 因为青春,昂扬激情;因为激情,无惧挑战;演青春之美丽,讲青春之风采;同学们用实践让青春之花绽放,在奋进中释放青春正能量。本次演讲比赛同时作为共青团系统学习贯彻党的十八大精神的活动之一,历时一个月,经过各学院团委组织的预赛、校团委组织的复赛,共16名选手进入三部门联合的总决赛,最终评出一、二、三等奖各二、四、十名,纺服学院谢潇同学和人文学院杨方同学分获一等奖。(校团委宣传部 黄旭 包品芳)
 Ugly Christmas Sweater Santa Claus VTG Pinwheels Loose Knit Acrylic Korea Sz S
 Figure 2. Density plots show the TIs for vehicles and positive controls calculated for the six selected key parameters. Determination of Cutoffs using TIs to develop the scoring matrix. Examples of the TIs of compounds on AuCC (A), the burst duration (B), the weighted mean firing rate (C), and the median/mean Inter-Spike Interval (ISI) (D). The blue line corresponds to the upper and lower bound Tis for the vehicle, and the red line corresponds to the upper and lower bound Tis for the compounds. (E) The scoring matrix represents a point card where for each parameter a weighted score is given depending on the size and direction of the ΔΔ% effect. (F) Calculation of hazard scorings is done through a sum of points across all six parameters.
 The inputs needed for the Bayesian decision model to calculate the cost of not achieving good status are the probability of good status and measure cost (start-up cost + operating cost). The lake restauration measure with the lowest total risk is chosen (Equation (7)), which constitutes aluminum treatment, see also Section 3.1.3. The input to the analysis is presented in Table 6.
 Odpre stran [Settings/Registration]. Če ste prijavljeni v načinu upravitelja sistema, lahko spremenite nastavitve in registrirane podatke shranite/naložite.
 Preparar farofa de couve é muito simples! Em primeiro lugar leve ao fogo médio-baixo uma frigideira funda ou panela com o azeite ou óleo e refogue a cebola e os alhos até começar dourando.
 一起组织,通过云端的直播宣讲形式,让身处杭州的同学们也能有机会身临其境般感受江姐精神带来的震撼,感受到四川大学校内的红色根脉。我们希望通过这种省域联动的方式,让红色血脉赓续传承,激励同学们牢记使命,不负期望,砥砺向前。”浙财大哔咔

----------

Every entry above, from first to last, should be repeated exactly.

 因为青春,昂扬激情;因为激情,无惧挑战;演青春之美丽,讲青春之风采;同学们用实践让青春之花绽放,在奋进中释放青春正能量。本次演讲比赛同时作为共青团系统学习贯彻党的十八大精神的活动之一,历时一个月,经过各学院团委组织的预赛、校团委组织的复赛,共16名选手进入三部门联合的总决赛,最终评出一、二、三等奖各二、四、十名,纺服学院谢潇同学和人文学院杨方同学分获一等奖。(校团委宣传部 黄旭 包品芳)
 Ugly Christmas Sweater Santa Claus VTG Pinwheels Loose Knit Acrylic Korea Sz S
 Figure 2. Density plots show the TIs for vehicles and positive controls calculated for the six selected key parameters. Determination of Cutoffs using TIs to develop the scoring matrix. Examples of the TIs of compounds on AuCC (A), the burst duration (B), the weighted mean firing rate (C), and the median/mean Inter-Spike Interval (ISI) (D). The blue line corresponds to the upper and lower bound Tis for the vehicle, and the red line corresponds to the upper and lower bound Tis for the compounds. (E) The scoring matrix represents a point card where for each parameter a weighted score is given depending on the size and direction of the ΔΔ% effect. (F) Calculation of hazard scorings is done through a sum of points across all six parameters.
 The inputs needed for the Bayesian decision model to calculate the cost of not achieving good status are the probability of good status and measure cost (start-up cost + operating cost). The lake restauration measure with the lowest total risk is chosen (Equation (7)), which constitutes aluminum treatment, see also Section 3.1.3. The input to the analysis is presented in Table 6.
 Odpre stran [Settings/Registration]. Če ste prijavljeni v načinu upravitelja sistema, lahko spremenite nastavitve in registrirane podatke shranite/naložite.
 Preparar farofa de couve é muito simples! Em primeiro lugar leve ao fogo médio-baixo uma frigideira funda ou panela com o azeite ou óleo e refogue a cebola e os alhos até começar dourando.
 一起组织,通过云端的直播宣讲形式,让身处杭州的同学们也能有机会身临其境般感受江姐精神带来的震撼,感受到四川大学校内的红色根脉。我们希望通过这种省域联动的方式,让红色血脉赓续传承,激励同学们牢记使命,不负期望,砥砺向前。”浙财大哔咔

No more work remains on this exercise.